What is the exact definition of a local function? Is a function said to be local if it depends only on the value of its variable, and a finite number of derivatives of this variable, at a single point? For example, $$f(y(x),y'(x),\ldots,y^{(n)}(x);x)$$ or is there something else to it?
The reason I ask in particular is to do with defining the meaning of a Lagrangian density in physics; as far as I understand, a Lagrangian density (dependent on some field $\phi(x)$ is local if its value at a given spacetime point $x^{\mu}$ is dependent only on the value of the field, and its derivatives (to finite order), evaluated at that single spacetime point $x^{\mu}$, $$\mathcal{L}(x)=\mathcal{L}(\phi(x),(\partial_{\mu}\phi)(x),\ldots,(\partial^{(n)}_{\mu}\phi)(x))$$ and this definition of local is not physical, but purely a mathematical definition of locality. (At least according to Matthew Schwartz's book "Quantum Field Theory and the Standard Model", chapter 24, section 4).
Is this definition of locality borrowed from the notion of local coordinate charts and neighbourhoods in differential geometry at all?
(This is probably not the right place, but I assume that this definition is purely mathematical and not physical, because physically, the quantum fields $\phi$ are technically distributions and so cannot be localised to a single point in space, however, such a mathematical definition guarantees desired properties, such as Lorentz invariance, an absence of action-at-a-distance, etc?)
Yes, your interpretation is correct.
Let $F_1$ be a fibre bundle over $M_1$ and $F_2$ be a fibre bundle over $M_2$; denote by $\Psi_{1,2}$ the corresponding space of smooth sections.

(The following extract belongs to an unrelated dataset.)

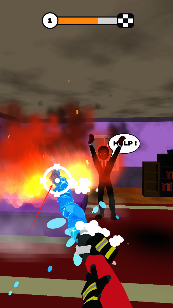 1、屋子里到處都是火堆,我們需要將準心對準火堆,進行滅火,將里面被困的人員解救出來。
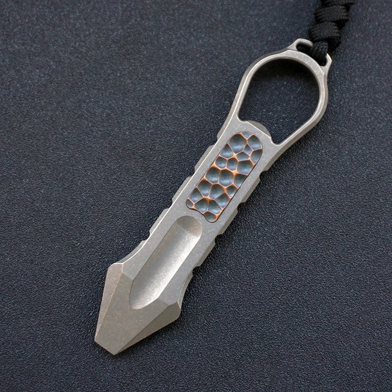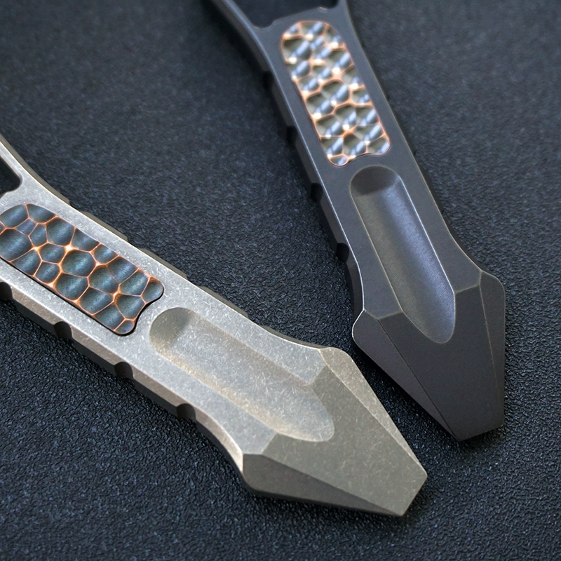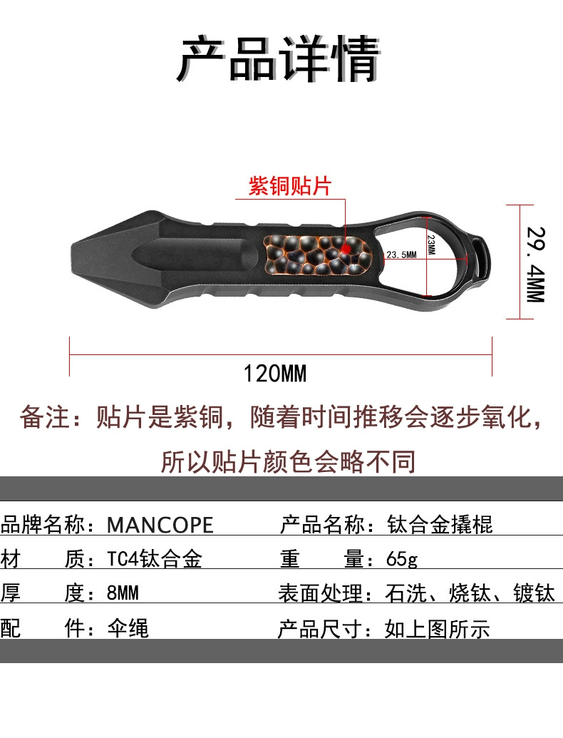 Nota: El parche es de cobre, que se oxidará gradualmente con el tiempo, por lo que el color del parche será ligeramente diferente.Nombre del producto: palanca de aleación de titanioMaterial: aleación de titanio TC4Peso: 65 gGrosor: 8MMTratamiento superficial: lavado de piedra, combustión de titanio, revestimiento de titanio.Accesorios: ParacordTamaño del producto: como se muestra en la imagen de arriba

A map $f:\Psi_1\to \Psi_2$ is said to be local if it factors through a bundle map $\tilde{f}: J^k\to F_2$ where $J^k$ is the $k$-th jet bundle of the fibre bundle $F_1$.
In your physical interpretation, you should think of the Lagrangian density itself as a "distribution" over your space-time manifold, and that each field is itself a "distribution" over your space-time manifold. And the mapping from field to Lagrangian density is in general a mapping from some set of distributions to some other set of distributions. This is the physical point of view! In other words, the Lagrangian density takes, physically, the entire wave function/field as input, not the "value" of the field at an arbitrary point. And the codomain of this Lagrangian density function is some set of distributions over your manifold, not just some number or some finite dimensional vector.
Imposing the locality condition is just saying that mathematically you can compute the "value" of the Lagrangian density at a space-time point $p$ based only on the "values" of the first few derivatives of the field at the point $p$. The main advantage of this, when it comes to mathematics, is that then the associated equations of motions are partial differential equations.
If you allow "non-local" dependences in the Lagrangian density your equations of motions would become either delay-differential equations or integro-differential equations or some combination thereof, and those are much harder to solve or analyze in general when compared to straight-up partial differential equations. Hence imposing the locality condition is mathematically convenient; if you want to actually use QFT to compute things, you might as well assume the locality condition, since if you don't, things get really hard.
Related: Peetre's theorem
If you go back to the basics of all these, which is calculus of variations and the principle of least action, all you really need for the action functional is that for each quantum field (thinking in terms of it as an object defined over the space-time) your action returns a number. There's not even originally the requirement that the action be necessarily obtained from integrating a Lagrangian density. In principle you can just think of the action functional as a function defined over some infinite dimensional vector space (the state space) and your job is to find a critical point for this function.
Mathematically the representation of the action by a Lagrangian density and the requirement that the mapping from the field to the density is local, are mainly "simplifying assumptions"; they simplify the situation since we know how to use the Euler-Lagrange technique to convert the condition of "critical point of the functional" to the condition of "solving a PDE". And solving PDEs is sometimes easier than doing calculus in infinite dimensions.
Physically there may or may not be good axiomatic justification for these requirements. But at the very least, experience has shown that under these assumptions we can still formulate interesting physics that reasonably model the real world. And so there is really no need to consider the more general picture just to make life more difficult when it comes to computations.